How can you validate your functional and non-functional requirements?
Yes, you are right. You are responsible for architecture decisions at the component or subsystem level.
Below is a set of tools to improve the quality of your design.
Design Approaches
Patterns and Idioms
The pattern movement was started last millennium. Very talented and experienced developers have documented how to solve common problems elegantly and effectively. Depending on the programming language, you are using different idioms are preferred.
The way to solve the same problem is different in Java, Scala, C++, Python, or C#.
You should know all regular structural, behavioral, and creational patterns [1]. Explore your programming language and discover how idioms and patterns have evolved between major releases. For example, lambda expressions and streams introduced in Java 8 - released Spring 2014 - completely transform the solution for regular business logic.
Records introduced in Java 14 - released Spring 2020 - have a huge impact on how your architecture deals with data transfer objects – DTO – and immutability [1].
Read Open Source Code
Stop inventing the wheel again and again. Avoid Not Invented Here syndrome. Your current problem was already solved multiple times. Explore open source solutions, read posts, study books. Select the most adequate solution and fill free to adapt and improve it.
Instead of searching for a solution for days, post your question on an adequate forum or on Stack Overflow. Fill free to improve the suggested solutions.
Become more efficient and use the wisdom of all these developers accessible through the Internet. Always verify the quality and adequacy of their proposed solutions.
Java Standard API
Know your programming language and the associated standard libraries. They are part of your technology stack. Wisdom is coded in this code. Standard patterns are implemented in almost all packages. Idioms are encoded everywhere.
See how Java deals with human and machine time with java.time package. Decades of trials and errors were necessary to finally create balanced and simple to use time abstractions. The author of Joda Time experimented years before he wrote the java time package – JSR 310 – introduced in Java 8. All these decisions and learning are encoded in this code.
Clean Architecture
Clean Code
You want to create a clean architecture [2] you are proud of. You must first write a clean code [3]. Clean architecture builds up on clean code. Promote clean code in your agile team. Agile code is clean code.

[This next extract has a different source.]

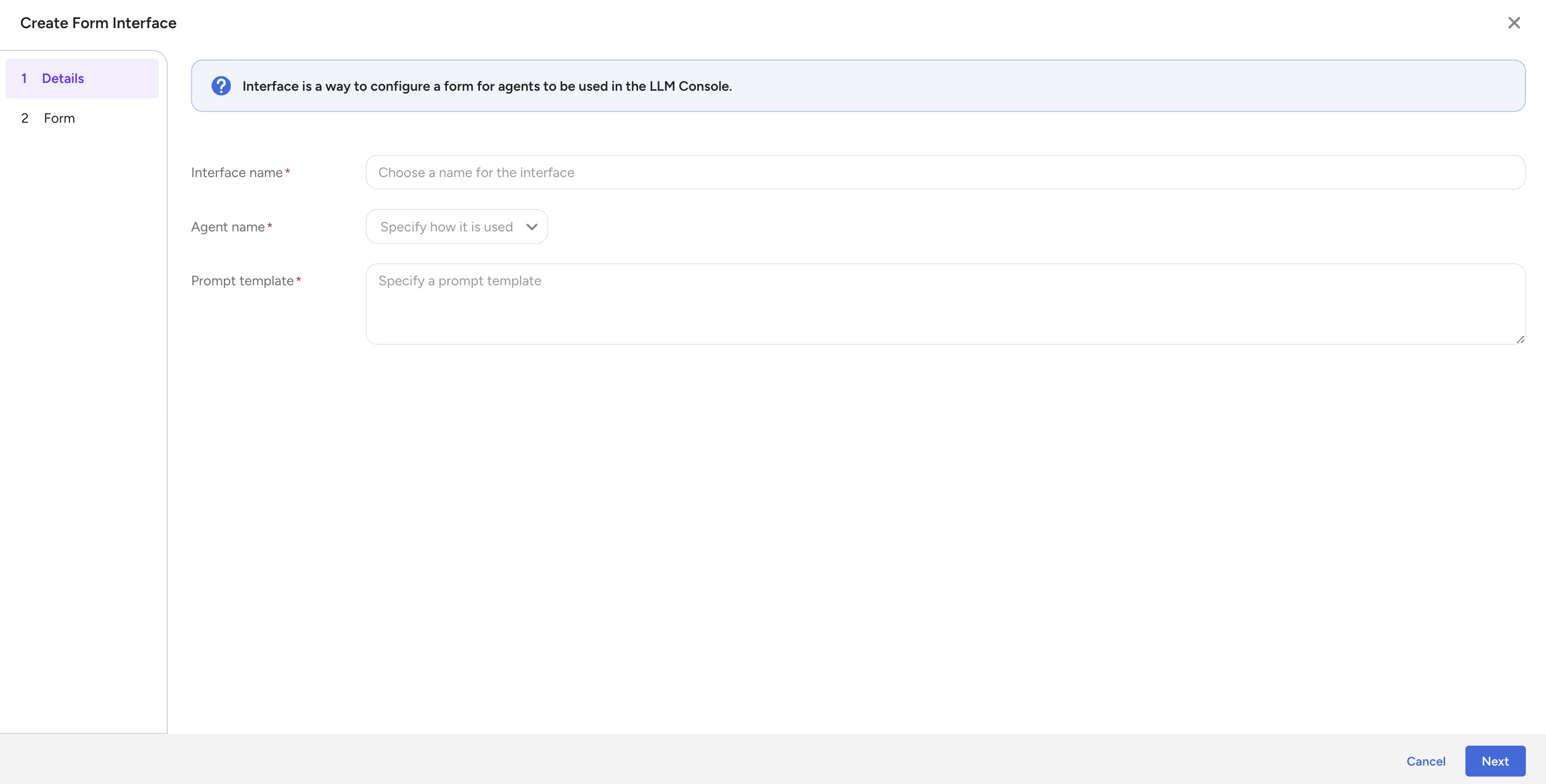 An interface object is the configuration or the screen for agent that will be shown in the Workspace. Once this object is created, underlying agent will be appeared in the Workspace with defined interface. Currently, Interface definition supports only a Form-type.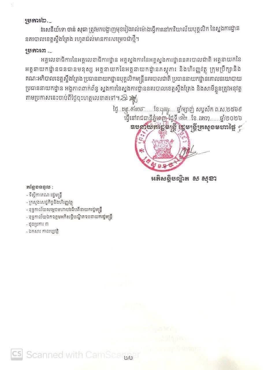 ឧបនាយករដ្ឋមន្ត្រី ស សុខា ដកតំណែងនគរបាលខេត្តស្ទឹងត្រែង៦រូប និងបន្ថយឋានន្តរស័ក្តិ

Modern integrated development environments IDE provide static code analysis tools to detect smells in your source code. SonarLint is available for all major integrated development environments. Use these tools to steadily improve the quality of your code and remove well-known smells. |
Do not fall to the fallacy to draw beautiful and useless UML diagram and write thick Software Architecture Design documents.

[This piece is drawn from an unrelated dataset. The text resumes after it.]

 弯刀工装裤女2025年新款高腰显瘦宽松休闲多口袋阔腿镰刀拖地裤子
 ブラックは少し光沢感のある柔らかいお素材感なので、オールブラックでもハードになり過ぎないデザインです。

The real architecture is hidden in the source code of your product. You still document all major Architectural Decisions.
Know Your Programming Language
If you are developing in Java, you should use the current features of the programming language. For example, with Java 14, you have access to:
-
Try with resources and closeable resources. This construct is an implementation of automatic resource management.
-
Immutable collections.
-
Streams, optionals, filters, and collectors.
-
Predicates and functions to define lambda expressions.
-
Records and immutability for objects.
-
Pattern matching syntactic sugar as for instanceof operator.
-
Switch expressions and not only switch statements.
-
Text blocks to write legible multi-line text expression.
Aggressive Refactoring
The entropy of the source code increases over time. Only continuous and aggressive refactoring mitigates the degenerescence of your application [4, 5, 6, 7]. Each time you correct an error or add a new functionality refactor your code. Remove smells, compiler warnings and migrate older code to use newer and better features of your programming language.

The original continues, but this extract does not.